[Items from a dataset]
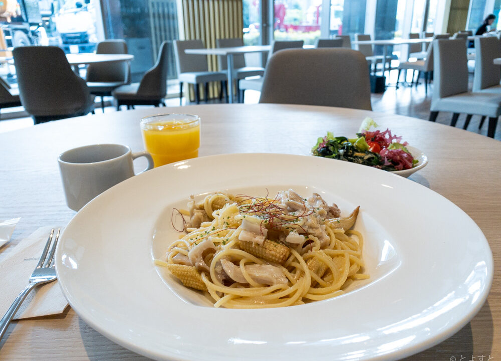 この日のメイン料理は、日替わりメニューになっていたパスタ(ヤングコーンとれんこんのガーリックソースパスタ)を選択しました。
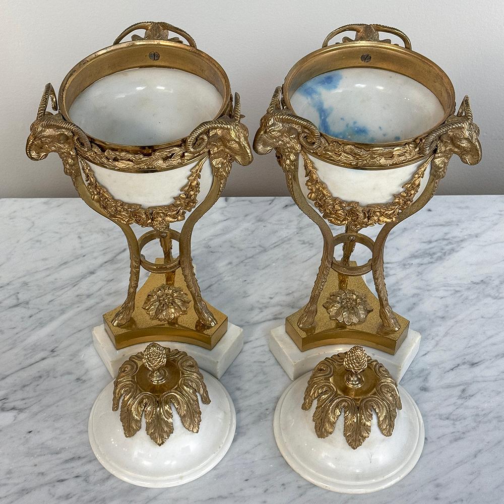 Coppia di antiche urne francesi Luigi XVI rivestite in marmo e bronzo dorato, ciascuna impreziosito da ghirlande foliate e da un finale a bacche, applicato con maschere di arieti so...
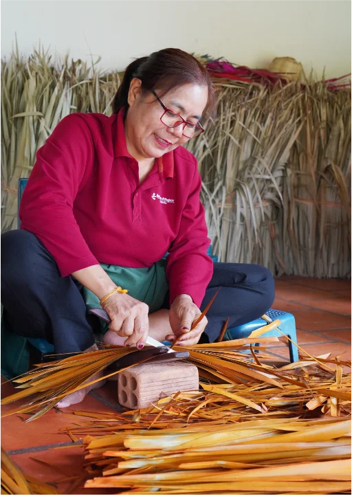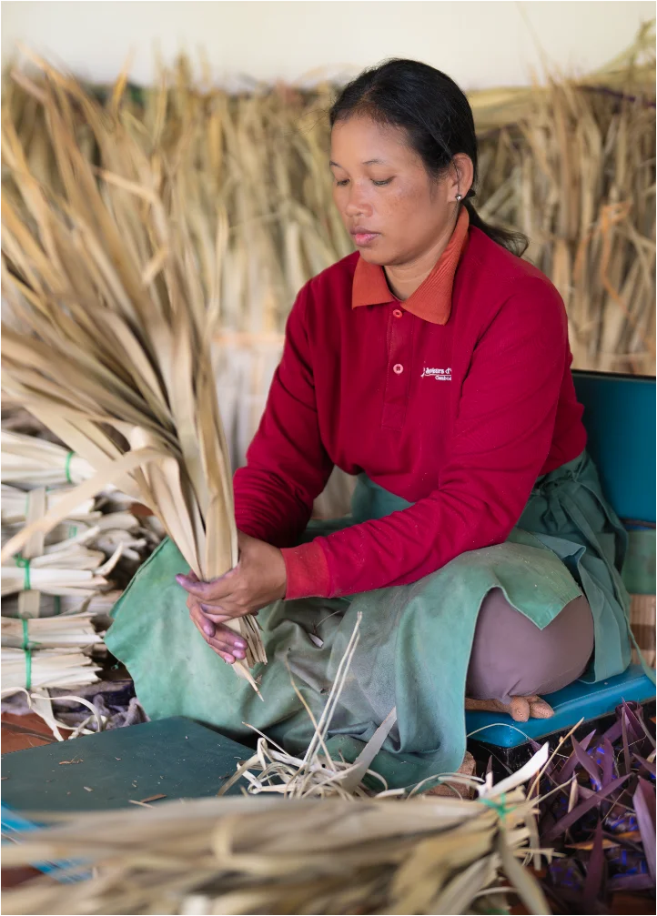 A close-up of our artisan carefully sorting and bundling sugar palm leaves before colouring and cutting them for weaving traditional Smok packaging boxes.
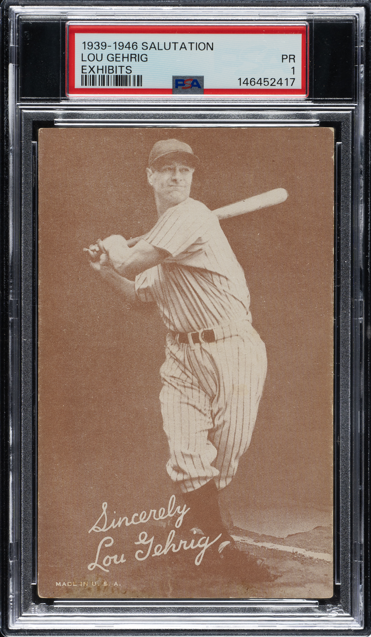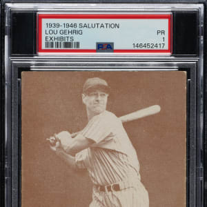 Classic example of New York Yankees Hall of Famer Lou Gehrig from the Salutation Exhibits set. These unnumbered cards are not dated and were issued over a series of years, and they are generally collected as a single set. Some cards in this Exhibit-card series were issued for numerous years, while other players were issued for only a short period of time, creating many rarities. Gehrig is one of the players who fall into the latter category, unfortunately, as his debilitating disease ended his prolific baseball career in April 1939, right as this set was issued (Gehrig succumbed to his disease in 1941 at the age of 37). This makes the offered card the final card ever issued of Lou Gehrig as a player. The card has a crisp image with a clean facsimile signature ("Sincerely, Lou Gehrig"). Graded POOR 1 by PSA (submitted by REA) largely due to evidence of album removal on the blank reverse.
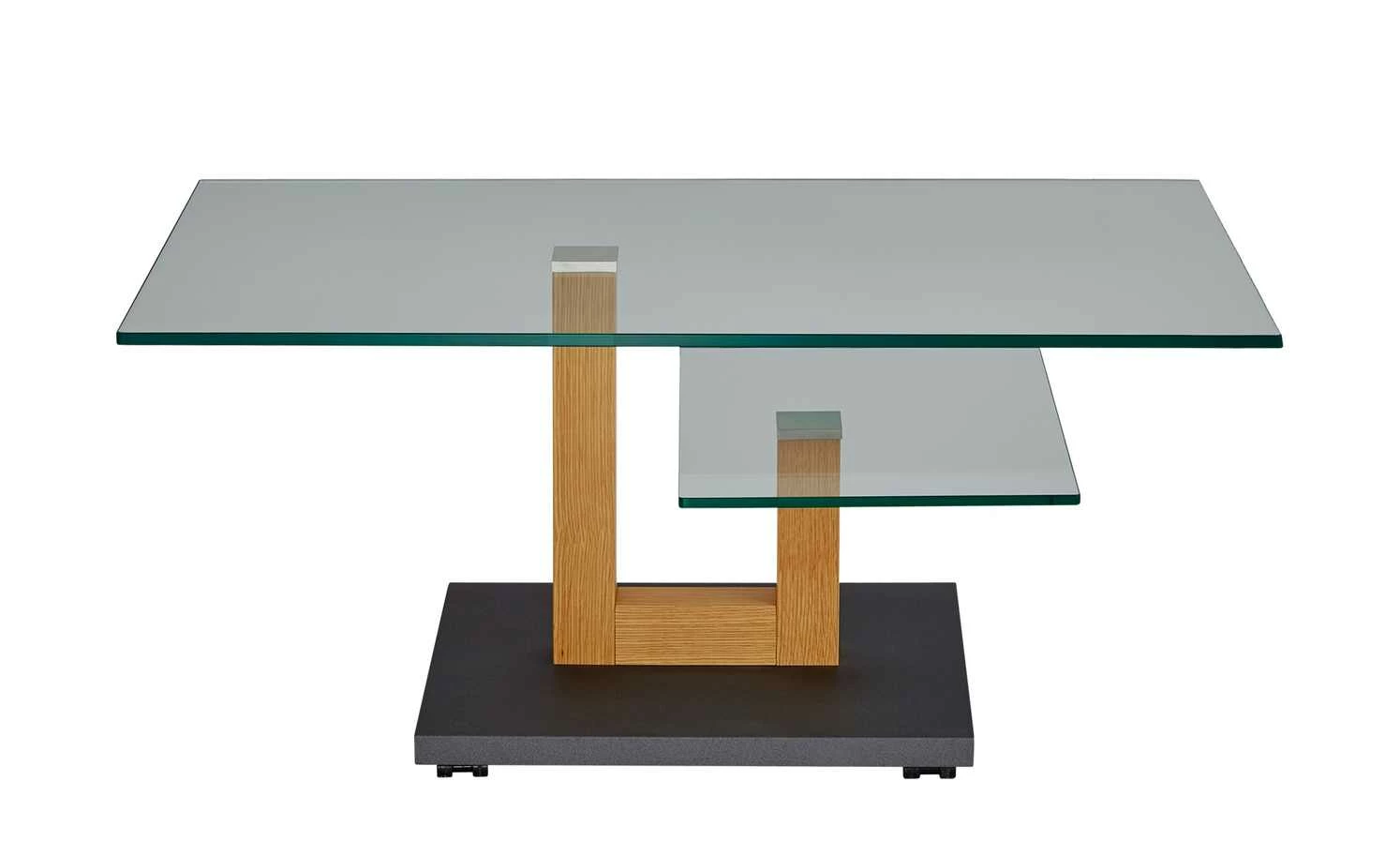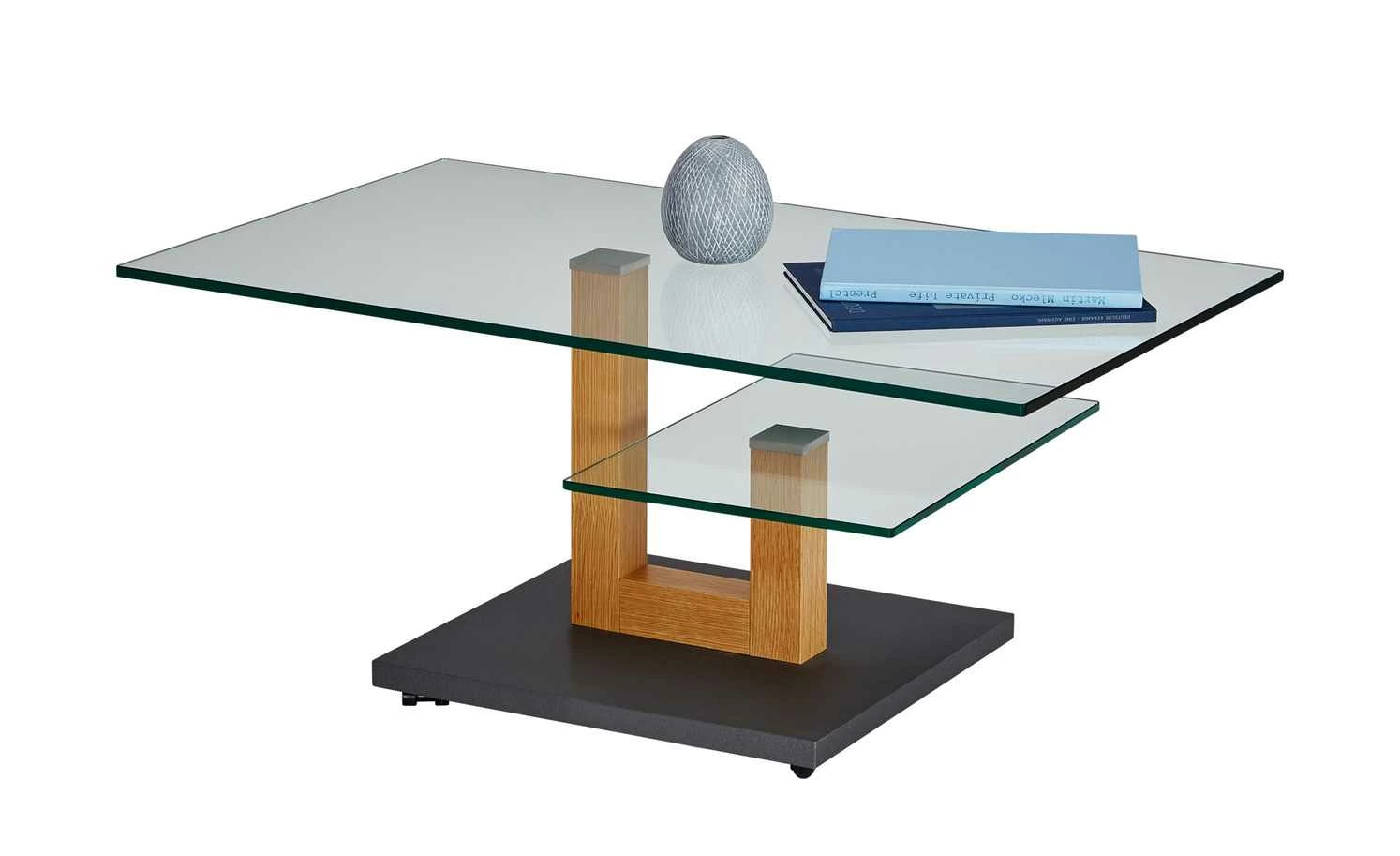 Der Couchtisch Hadar ist nicht nur attraktiv anzuschauen, sondern auch praktisch. Das macht ihn zum Highlight Ihres Wohnzimmers. Der Tisch besteht aus hochwertigen Materialien und ist mit dem Gütesiegel Made in Germany ausgezeichnet. Hadar verfügt über ein zweigeteiltes Säulengestell, dass Tischplatte und Ablage trägt. Die beiden Säulen bestehen aus massiver Eiche, sind geölt und setzen sich somit von den Glasplatten ab. Diese bestehen beide aus Klarglas und sind transparent. Einen dramatischen Kontrast stellt die Bodenplatte dar. Sie ist anthrazitfarben. Praktisch: Hadar ist mit Rollen ausgestattet und kann dadurch flexibel bewegt werden.

Aim of the task:
Each line above from the one containing "Coppia di antiche" through the one containing "A close-up of" is to be returned verbatim. Nothing else, and no pictures.

Written response:
 Coppia di antiche urne francesi Luigi XVI rivestite in marmo e bronzo dorato, ciascuna impreziosito da ghirlande foliate e da un finale a bacche, applicato con maschere di arieti so...
 A close-up of our artisan carefully sorting and bundling sugar palm leaves before colouring and cutting them for weaving traditional Smok packaging boxes.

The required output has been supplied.